_Description of the task_.
Please repeat the whole listing exactly, but leave the pictures out.

_Data to use_.
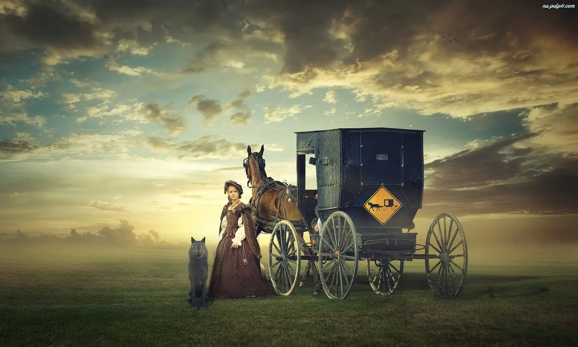 Trawa, Dziewczynka, Pies, Dorożka, Łąka, Koń
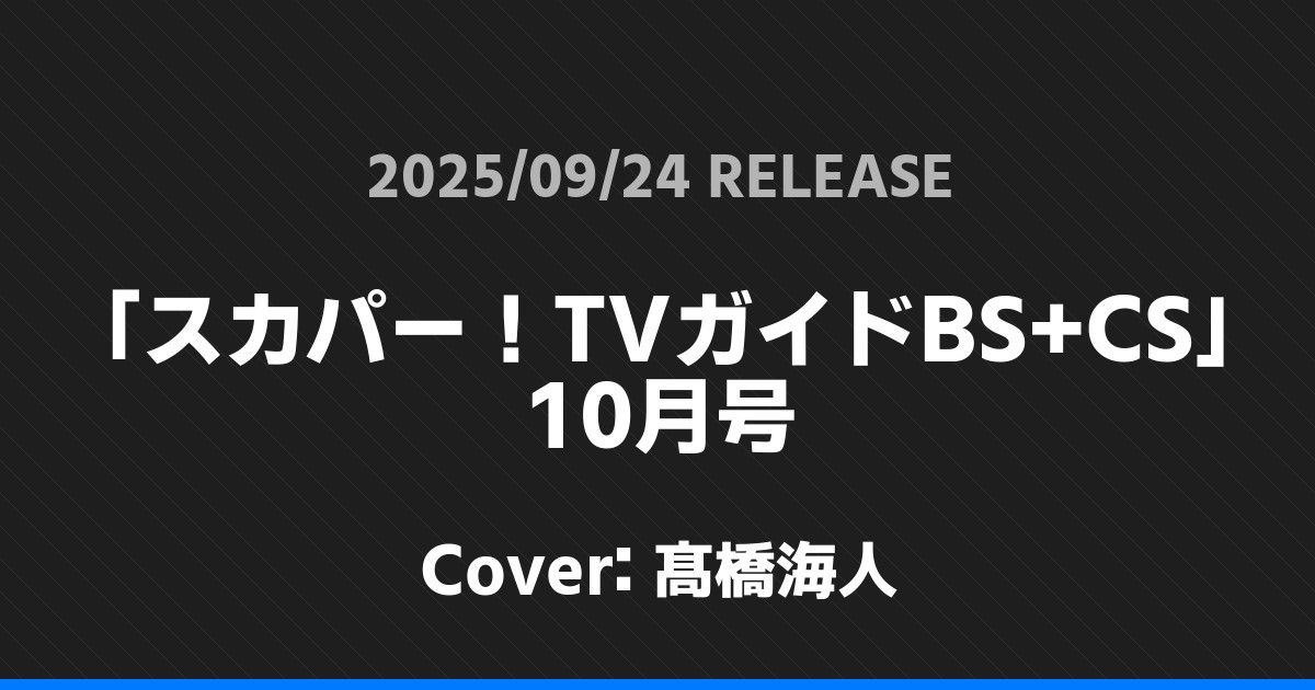 「スカパー!TVガイドBS+CS」10月号の表紙は髙橋海人さんです!
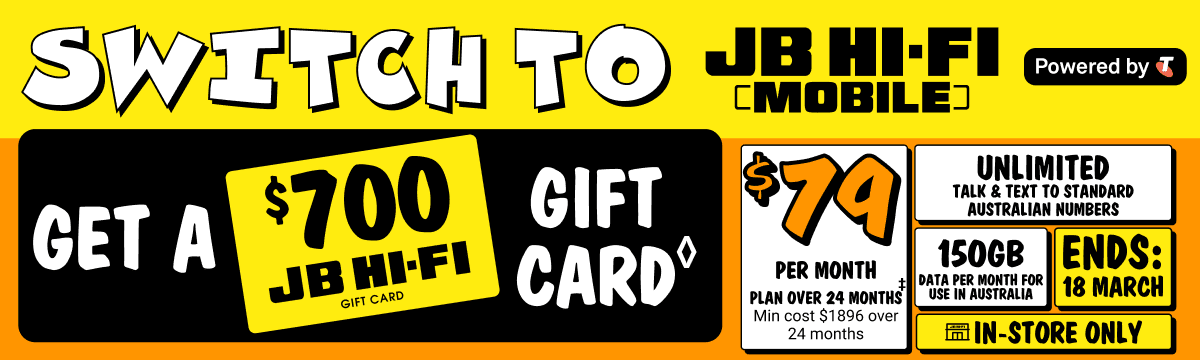 ◊Offer only available for new mobile services and eligible port-in mobile services (being an existing mobile service transferred from another provider, excluding any service that has been active on a Telstra, JB Hi-Fi, The Good Guys, or Boost plan at any time in the 30 days before the transfer). The JB Hi-Fi Gift Card (referred to as the "JB Hi-Fi Voucher" in the Telstra Terms and Conditions available at www.telstra.com.au/jbhifi-mobile-terms) will be available to you in store after connection approval by Telstra. The $700 JB Hi-Fi Gift Card replaces the value of the Voucher stated in the Critical Information Summary. If you cancel or move to a lower cost/different plan then you must pay a Voucher Repayment Fee to Telstra pro-rated against the remaining months of your plan's minimum term. This offer is not available in conjunction with any other JB Hi-Fi Mobile or Broadband offer and is limited to 3 connections per customer. Gift Card subject to Terms and Conditions available at www.jbhifi.com.au/giftcardterms
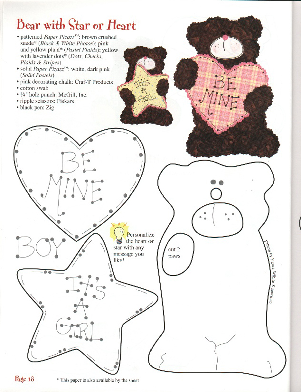 molde de ursinho com feltro com estrela e coração
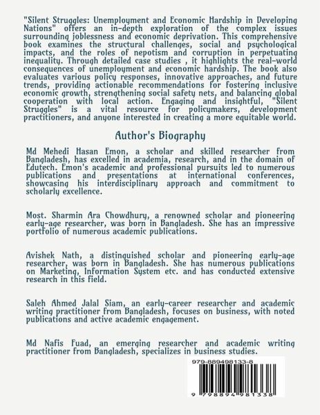 "Silent Struggles: Unemployment and Economic Hardship in Developing Nations" offers an in-depth exploration of the complex issues surrounding joblessness and economic deprivation. This comprehensive book examines the structural challenges, social and psychological impacts, and the roles of nepotism and corruption in perpetuating inequality. Through detailed case studies, it highlights the real-world consequences of unemployment and economic hardship. The book also evaluates various policy responses, innovative approaches, and future trends, providing actionable recommendations for fostering inclusive economic growth, strengthening social safety nets, and balancing global cooperation with local action. Engaging and insightful, "Silent Struggles" is a vital resource for policymakers, development practitioners, and anyone interested in creating a more equitable world.
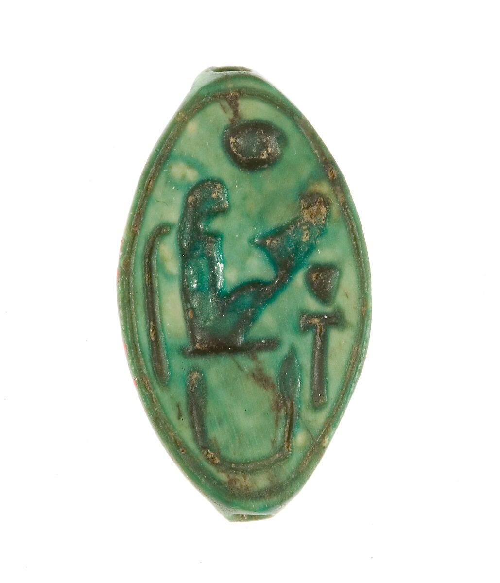 The inscription on the base of this cowroid records Hatshepsut's throne name, Maatkare, which may be roughly translated as Maat (the goddess of truth) is the life force of Re (the sun god). The two hieroglyphs on either side of the crouching goddess have the meaning "May She Live," or "Living" (ankh.ti).
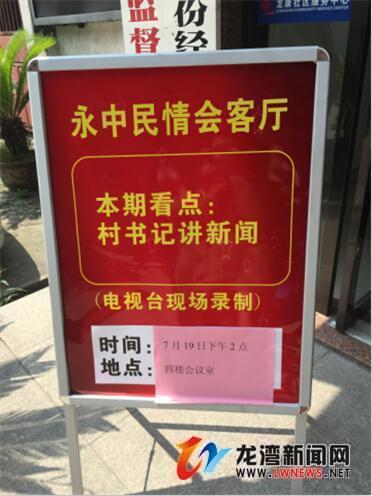 龙湾新闻网讯 “听完国家要闻、区和街道新闻后,下面我讲讲我们村6月份的新闻:6月9日,联系我们村的区委农办(农林局)局长郑小强带队到村里调研,指导帮助解决村里的3个难题,第一件是山林防火房项目审批…….”这是永中街道坦头村书记许绍钦在“民情会客厅”当主播讲新闻活动的一幕。
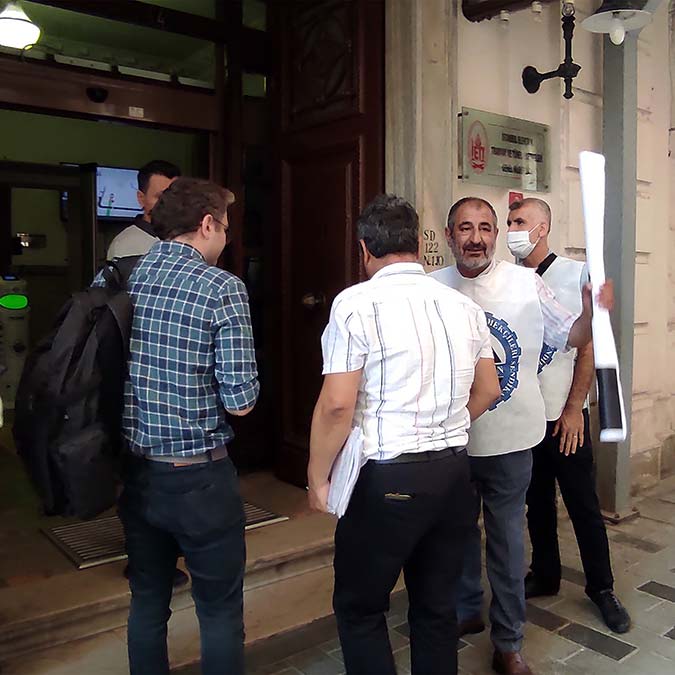 Bugün buraya toplanma nedenimiz, yaklaşık 1.5 ay önce, İETT Genel Müdürlüğünce yerleştirilen, casus kamera dediğimiz, şoföre endekslenmiş, sadece şoförü hedef alan ve şoförün bütün hareketlerini denetleyen kameradır. Aracın içerisindeki 7-8 kamera bizim konumuz değil. Sürekli şoföre bir baskı ve mobbing aracı haline gelmiş olan sesli ve görüntülü kamera sisteminin iptal edilmesi, burada açığa çıkan rapor ve cezaların iptal edilmesi konusunda bir imza kampanyası sürdürdük. Sadece şoför arkadaşlarımızın bin 400 imzasını bugün İETT Genel Müdürlüğüne vereceğiz” dedi.

_Solution for this problem_.
 Trawa, Dziewczynka, Pies, Dorożka, Łąka, Koń
 「スカパー!TVガイドBS+CS」10月号の表紙は髙橋海人さんです!
 ◊Offer only available for new mobile services and eligible port-in mobile services (being an existing mobile service transferred from another provider, excluding any service that has been active on a Telstra, JB Hi-Fi, The Good Guys, or Boost plan at any time in the 30 days before the transfer). The JB Hi-Fi Gift Card (referred to as the "JB Hi-Fi Voucher" in the Telstra Terms and Conditions available at www.telstra.com.au/jbhifi-mobile-terms) will be available to you in store after connection approval by Telstra. The $700 JB Hi-Fi Gift Card replaces the value of the Voucher stated in the Critical Information Summary. If you cancel or move to a lower cost/different plan then you must pay a Voucher Repayment Fee to Telstra pro-rated against the remaining months of your plan's minimum term. This offer is not available in conjunction with any other JB Hi-Fi Mobile or Broadband offer and is limited to 3 connections per customer. Gift Card subject to Terms and Conditions available at www.jbhifi.com.au/giftcardterms
 molde de ursinho com feltro com estrela e coração
 "Silent Struggles: Unemployment and Economic Hardship in Developing Nations" offers an in-depth exploration of the complex issues surrounding joblessness and economic deprivation. This comprehensive book examines the structural challenges, social and psychological impacts, and the roles of nepotism and corruption in perpetuating inequality. Through detailed case studies, it highlights the real-world consequences of unemployment and economic hardship. The book also evaluates various policy responses, innovative approaches, and future trends, providing actionable recommendations for fostering inclusive economic growth, strengthening social safety nets, and balancing global cooperation with local action. Engaging and insightful, "Silent Struggles" is a vital resource for policymakers, development practitioners, and anyone interested in creating a more equitable world.
 The inscription on the base of this cowroid records Hatshepsut's throne name, Maatkare, which may be roughly translated as Maat (the goddess of truth) is the life force of Re (the sun god). The two hieroglyphs on either side of the crouching goddess have the meaning "May She Live," or "Living" (ankh.ti).
 龙湾新闻网讯 “听完国家要闻、区和街道新闻后,下面我讲讲我们村6月份的新闻:6月9日,联系我们村的区委农办(农林局)局长郑小强带队到村里调研,指导帮助解决村里的3个难题,第一件是山林防火房项目审批…….”这是永中街道坦头村书记许绍钦在“民情会客厅”当主播讲新闻活动的一幕。
 Bugün buraya toplanma nedenimiz, yaklaşık 1.5 ay önce, İETT Genel Müdürlüğünce yerleştirilen, casus kamera dediğimiz, şoföre endekslenmiş, sadece şoförü hedef alan ve şoförün bütün hareketlerini denetleyen kameradır. Aracın içerisindeki 7-8 kamera bizim konumuz değil. Sürekli şoföre bir baskı ve mobbing aracı haline gelmiş olan sesli ve görüntülü kamera sisteminin iptal edilmesi, burada açığa çıkan rapor ve cezaların iptal edilmesi konusunda bir imza kampanyası sürdürdük. Sadece şoför arkadaşlarımızın bin 400 imzasını bugün İETT Genel Müdürlüğüne vereceğiz” dedi.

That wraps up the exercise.